> [Task requirements]: From the data that follows, set down exactly the lines from the one with "Uczniowie wykazali się" through the one with "Jacinda Ardern |", counting both. Pictures stay out.

####################

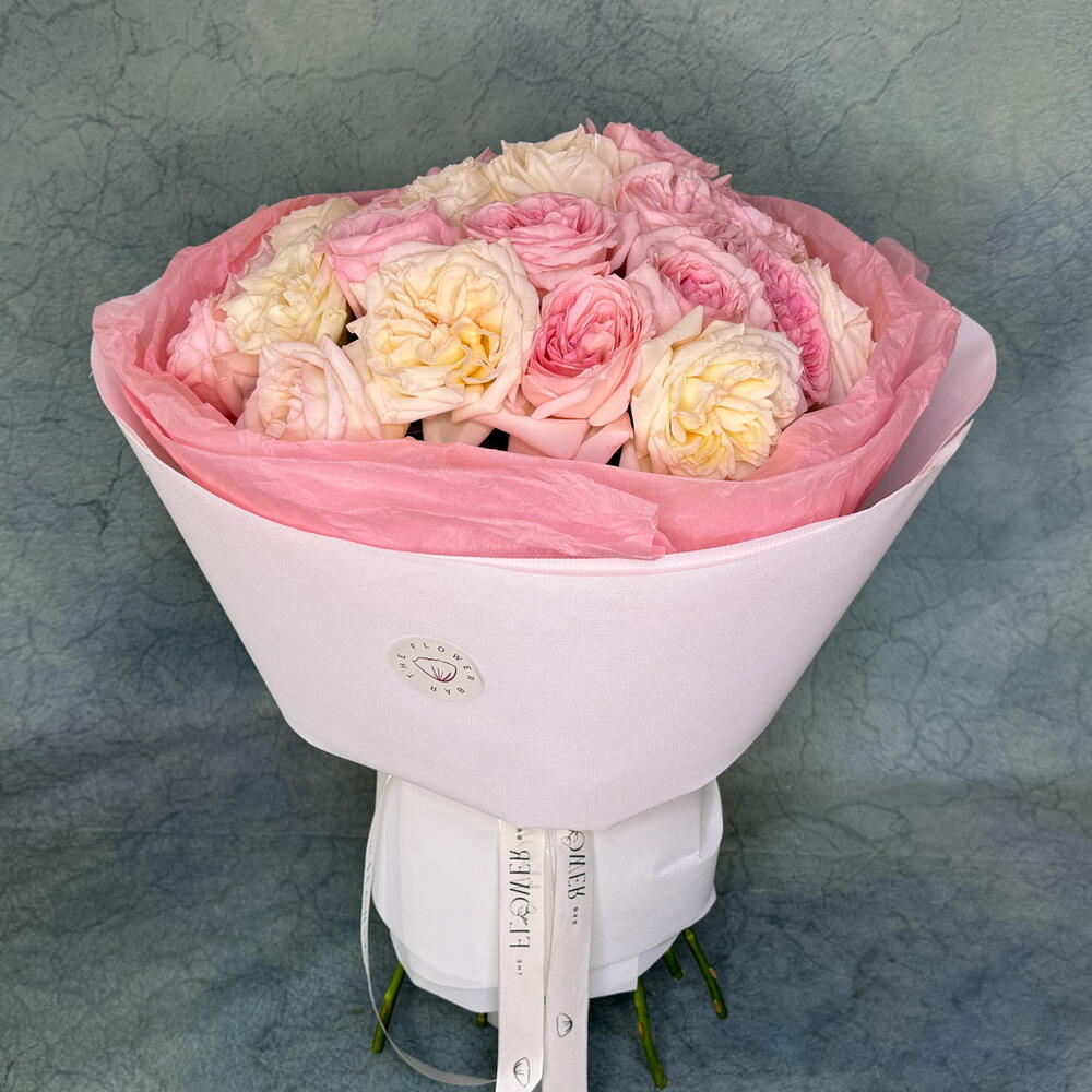 ¡Experimenta la tranquilidad de un jardín sereno con nuestro encantador Mono Bouquet! Acunado en una bolsa de regalo de diseño refinado, este ramo florece con una etérea rosa de jardín blanca, que irradia pureza e inocencia. Para aumentar su atractivo, el ramo está adornado con 15 encantadoras rosas de jardín rosadas, prometiendo encanto y romanticismo de una suave tarde de verano. Perfecto para regalar en cualquier ocasión o simplemente para refrescar delicadamente el ambiente de tu entorno.
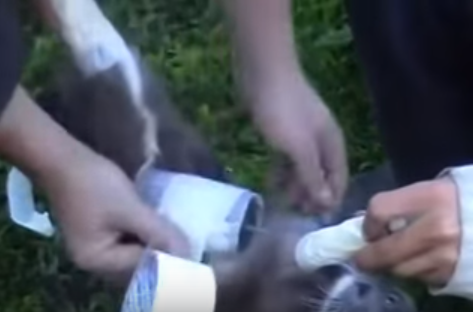 Несколько часов назад в сети появилось видео как группа лиц связала кота, далее к животному скотчем примотали самодельную взрывчатку.
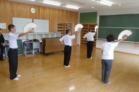 保存会の方々も来てくださり、踊り、唄などのパートに分かれて練習をしました。
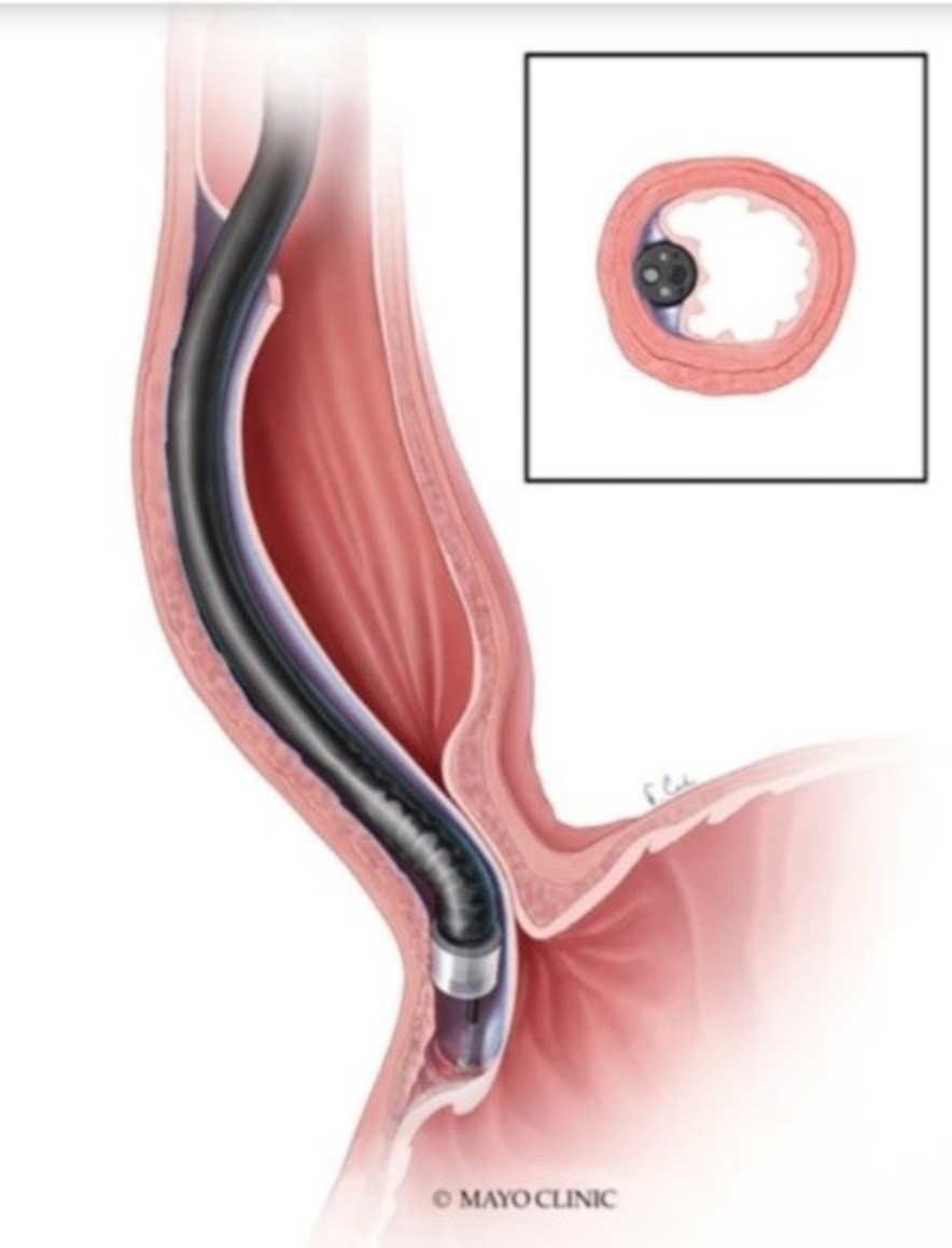 2008年日本井上晴洋醫師完成首例活人經口內視鏡肌肉切開術治療「食道賁門弛緩不能症」,其原理類似外科食道肌肉切開術,用電燒刀將食道黏膜層劃開後,再從食道中段經賁門到胃內,將黏膜下層剝離形成隧道,最後切斷負責收縮的內層環狀肌並保留外層縱走肌,賁門括約肌處壓力因此下降而鬆開,食物便可順利由食道進入胃內。
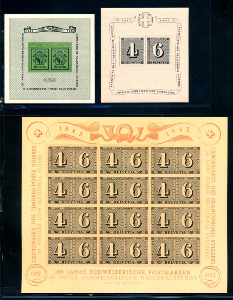 SWITZERLAND 1943 #B130-31 S/S's VF **. Centenary of postage stamps of Switzerland, complete set of 3 mint never hinged souvenir sheets. Scott $290.00 CAD. (Image1)
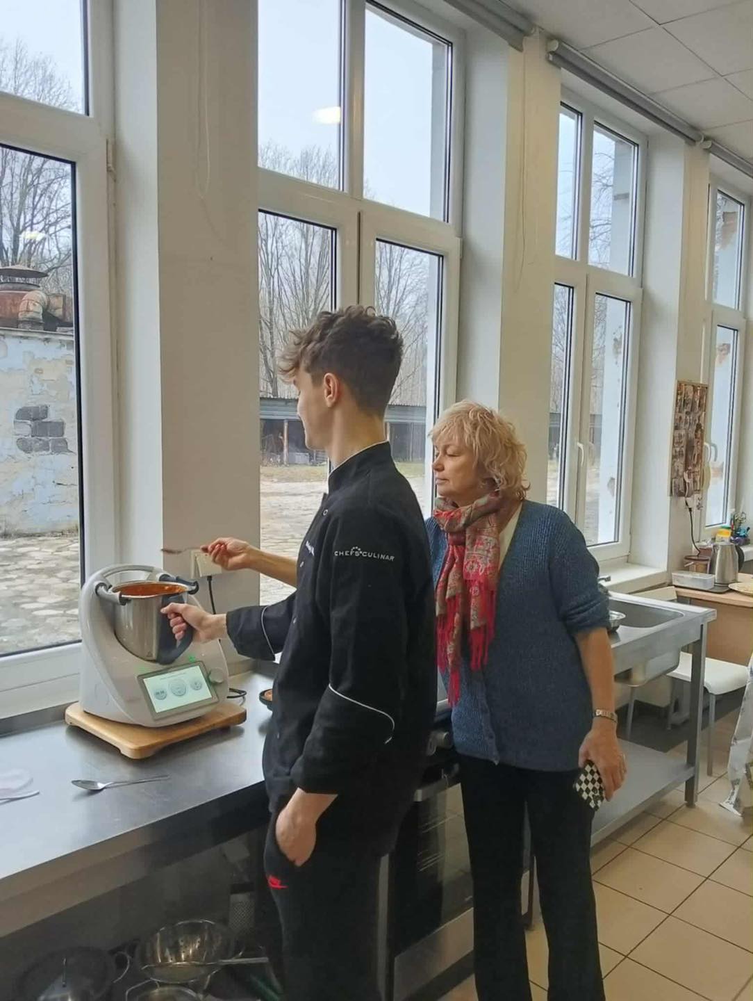 Uczniowie wykazali się dużym zaangażowaniem przy produkcji tego przysmaku. Największą ciekawością wykazała się nasza szkolna pani pedagog, pani Irenka - zadawała bardzo dużo pytań.
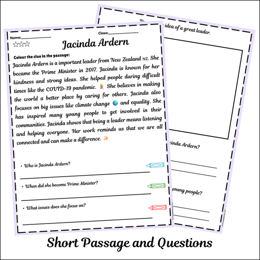 Jacinda Ardern | Short Reading Comprehension Creative Worksheet
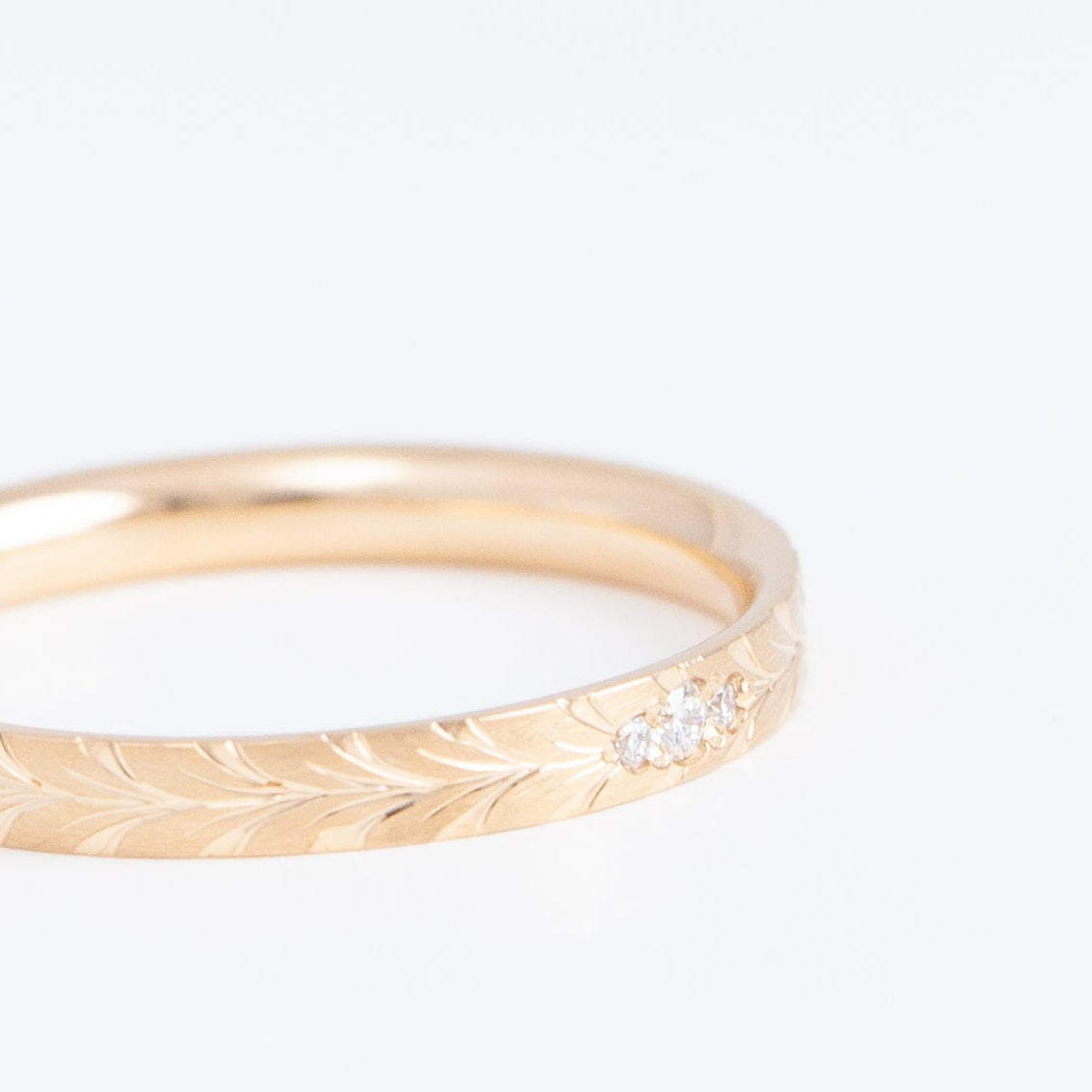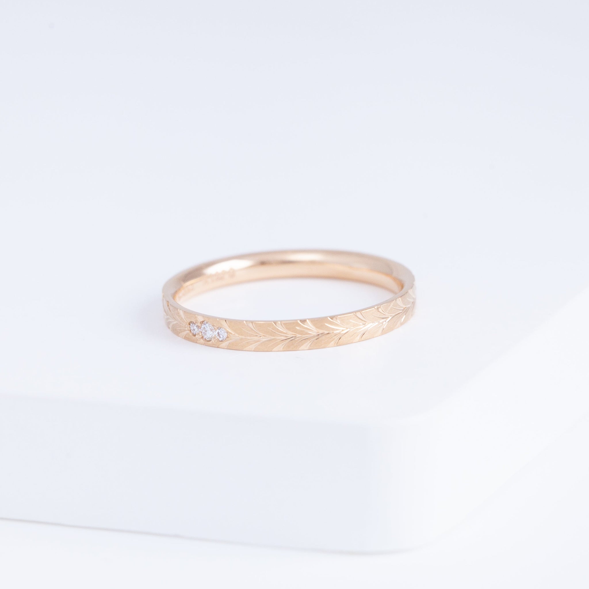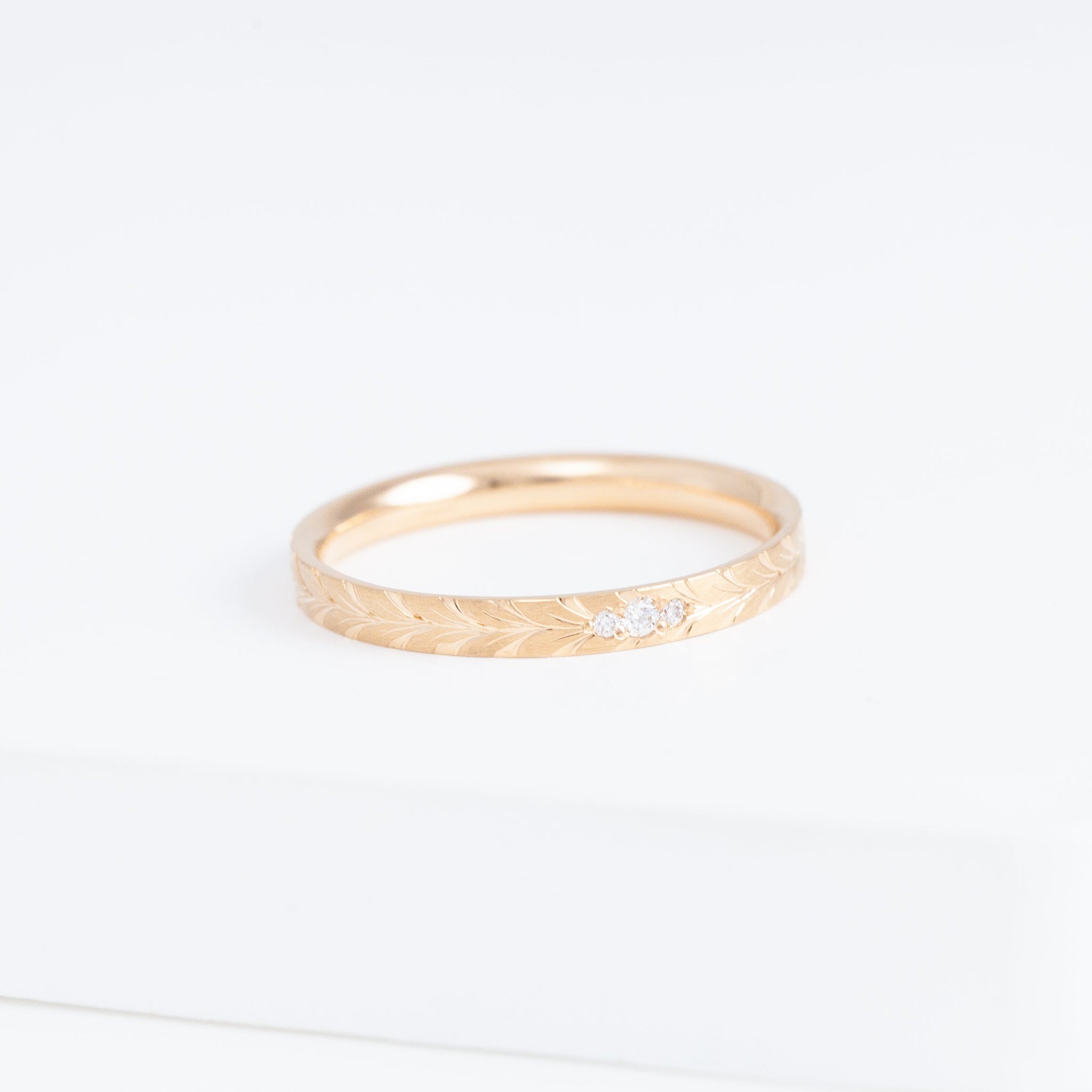 The Laurel collection gets its name by the tactfully hand-engraved bay leaf motif around the ring. The bay leaf is a symbol that has long been used in wedding bands to celebrate lasting commitment. Rooted in such traditional, Shinkai hopes this band carries the blessings for your new beginnings as well.

####################

> [Result]:
 Uczniowie wykazali się dużym zaangażowaniem przy produkcji tego przysmaku. Największą ciekawością wykazała się nasza szkolna pani pedagog, pani Irenka - zadawała bardzo dużo pytań.
 Jacinda Ardern | Short Reading Comprehension Creative Worksheet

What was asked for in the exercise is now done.